(Records from a dataset)
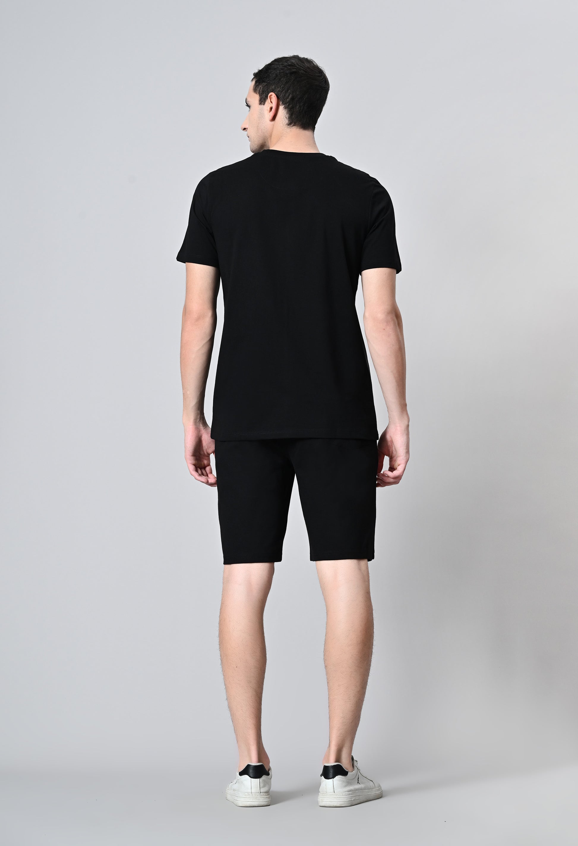 Raven Black Puff Printed Round Neck With Shorts Co-Ord Set
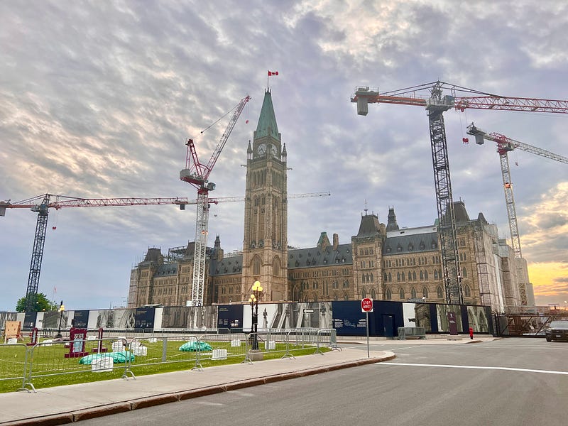 There’s a heck of a lot of development happening in Ottawa which is transforming the historic precinct around the marvelous Parliament buildings. The Centre Block is undergoing a decade plus renovation, hence the sight of cranes, and a giant crater under the peace tower.
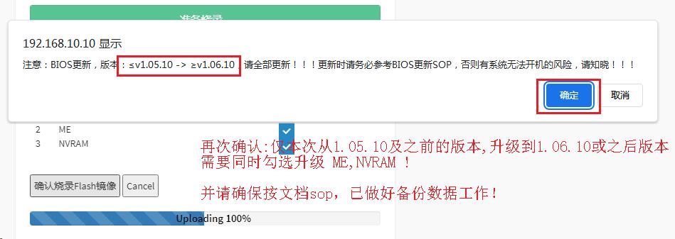 d、“ListofComponents”中包含三个组件,“BIOS”、“ME”与“NVRAM”,“BIOS”组件是强制选择的,剩于组件根据具体情况进行选择。点击“确认烧录Flash镜像”,弹出如下对特定BIOS版本烧录提示信息(注:如勾选MENVRAM后升级,需要重新写入刷DMI信息及网卡mac,备份方式见2.1)
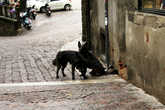 Если отвлечься от старинных улочек и зданий, от воздуха, как пронизанном вечностью, первое из человечного, что бросается в глаза- это собаки.
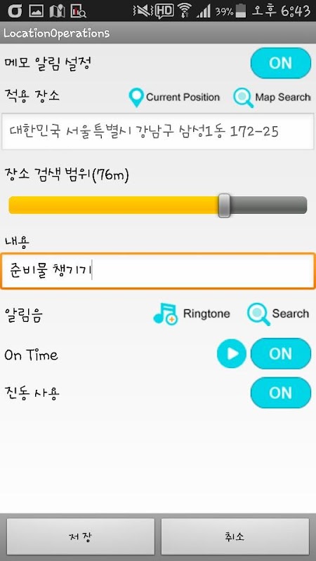 If you set the location where you want to notify, this app indicates alarm with memo popup automatically.
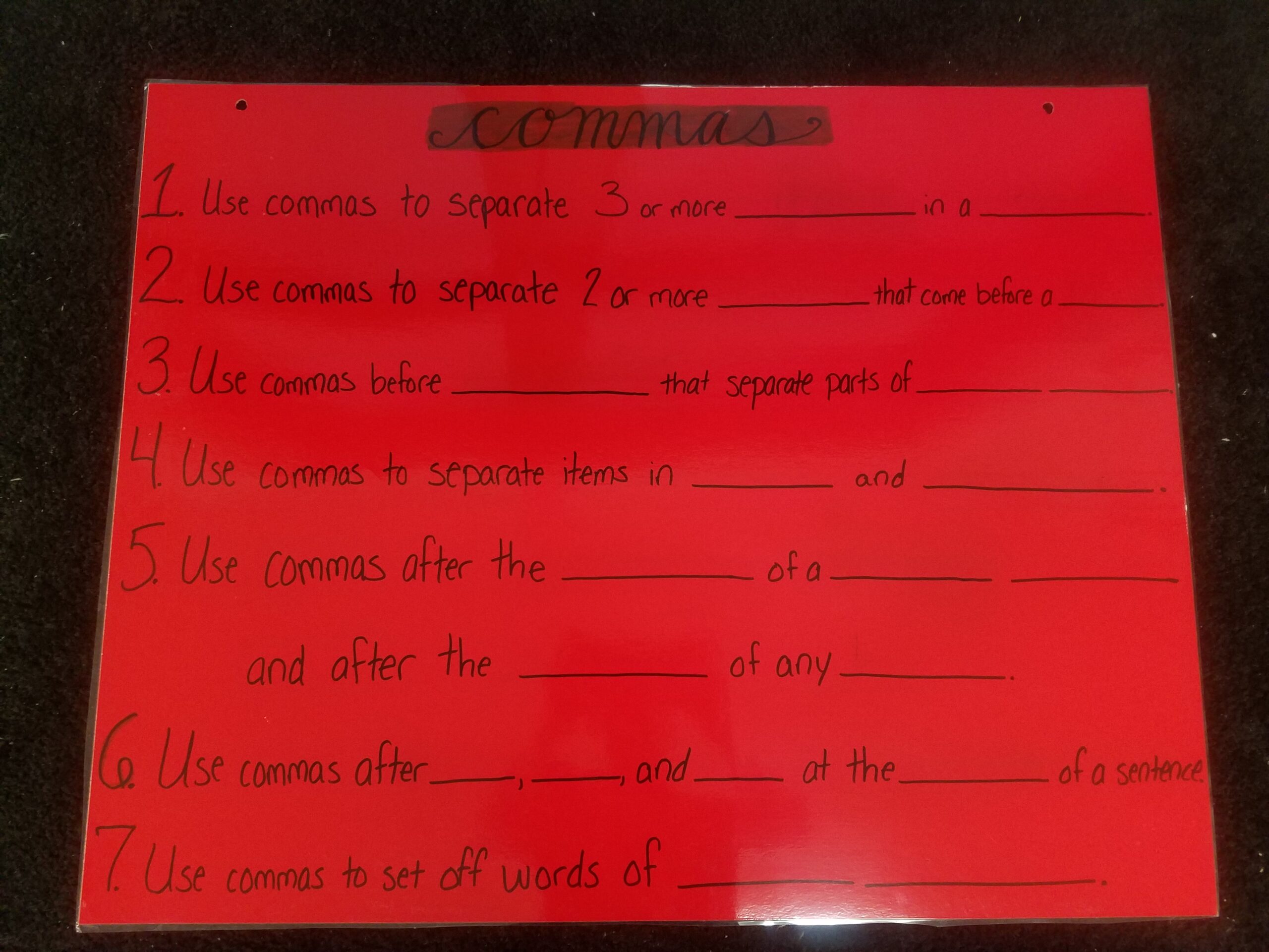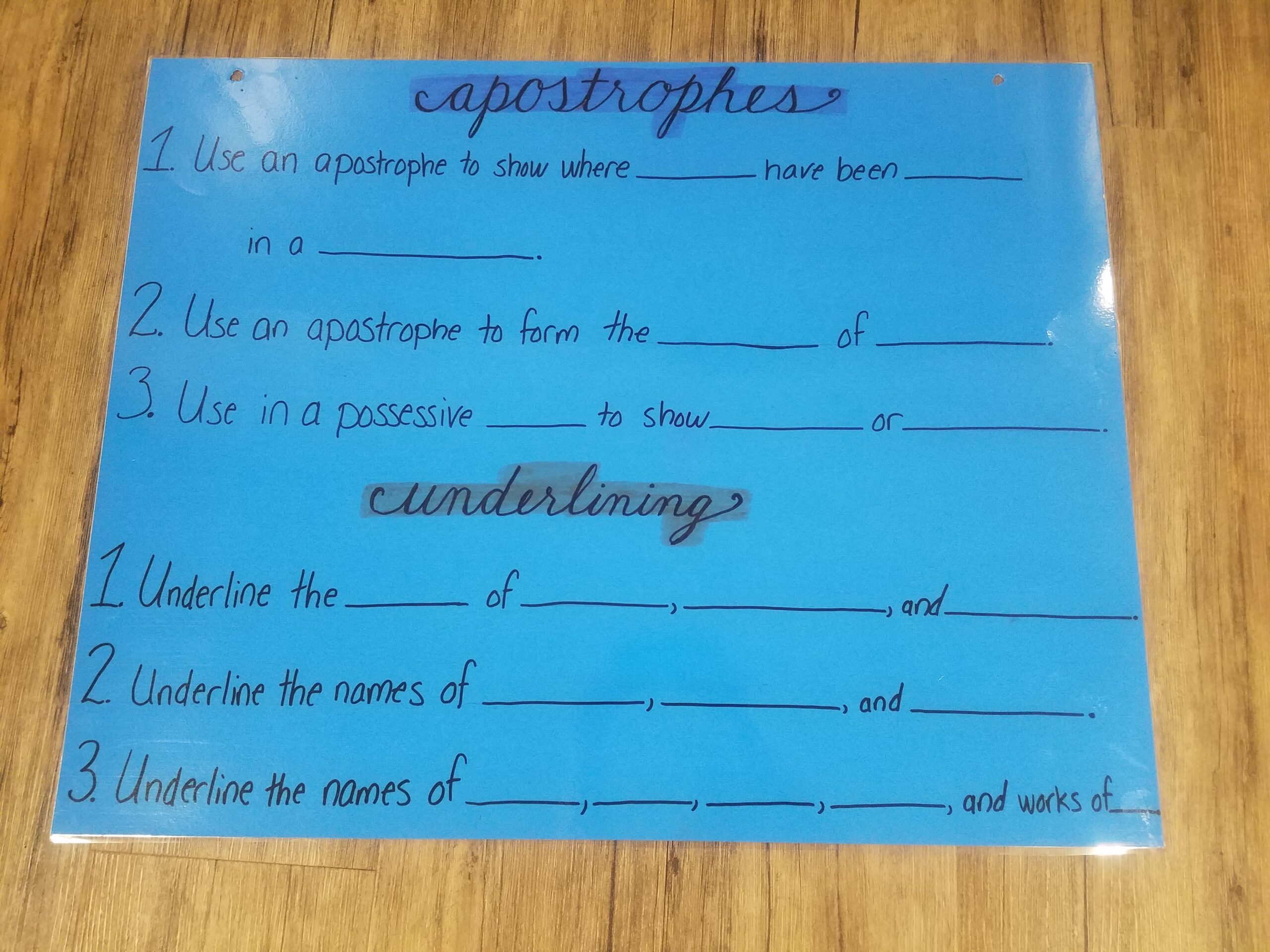 These images show the laminated posters where students write rules about apostrophes, underlining, capitalization, and commas.

Requirement> Would you copy each line above exactly as given, dropping any images?

Answer to the problem>
 Raven Black Puff Printed Round Neck With Shorts Co-Ord Set
 There’s a heck of a lot of development happening in Ottawa which is transforming the historic precinct around the marvelous Parliament buildings. The Centre Block is undergoing a decade plus renovation, hence the sight of cranes, and a giant crater under the peace tower.
 d、“ListofComponents”中包含三个组件,“BIOS”、“ME”与“NVRAM”,“BIOS”组件是强制选择的,剩于组件根据具体情况进行选择。点击“确认烧录Flash镜像”,弹出如下对特定BIOS版本烧录提示信息(注:如勾选MENVRAM后升级,需要重新写入刷DMI信息及网卡mac,备份方式见2.1)
 Если отвлечься от старинных улочек и зданий, от воздуха, как пронизанном вечностью, первое из человечного, что бросается в глаза- это собаки.
 If you set the location where you want to notify, this app indicates alarm with memo popup automatically.
 These images show the laminated posters where students write rules about apostrophes, underlining, capitalization, and commas.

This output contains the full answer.